> **Collected data**
= Beginning of Section =

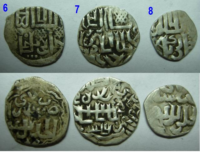 KosmosNN: А что Вы называете "Легковесные подражания нижегородского круга"?, если монеты №3 и №6, то это Узбек (722 г.х.), уменьшенный вес - следствие коррекции (обрезной), характерное для большинства дирхемов второй половины 14 века, связанное с экономическим упадком Золотой Орды, в период "замятни". (Как раз Ваша подборка дирхемов является хронологически наглядным примером того периода.)
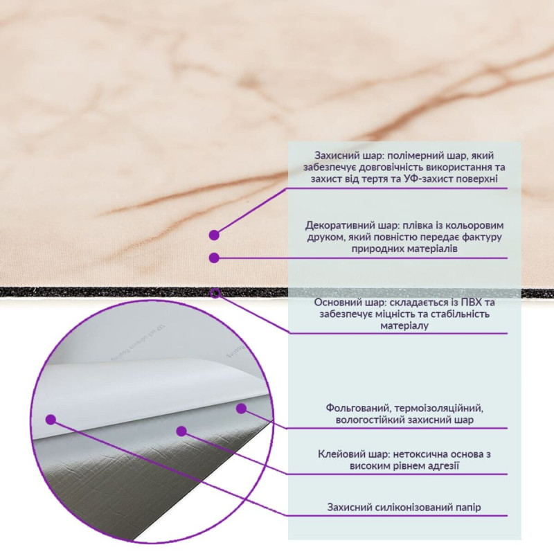 - Захисний силіконізований папір: оберігає клейовий шар від пересихання та забруднення, легко знімається під час монтажу.
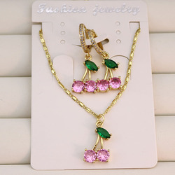 18k सोने की प्लेटेड क्रिस्टल cz पत्थर चेरी चेरी चेरी चरस श्रृंखला लेरिंग नेकलेस हूप महिला लड़कियों के लिए गहने सेट

= End of Section =

> **Assignment**
Beginning with the line that bears "- Захисний силіконізований", output each line through the last line of the listing exactly, and no others; skip the pictures.

> **Task output**
 - Захисний силіконізований папір: оберігає клейовий шар від пересихання та забруднення, легко знімається під час монтажу.
 18k सोने की प्लेटेड क्रिस्टल cz पत्थर चेरी चेरी चेरी चरस श्रृंखला लेरिंग नेकलेस हूप महिला लड़कियों के लिए गहने सेट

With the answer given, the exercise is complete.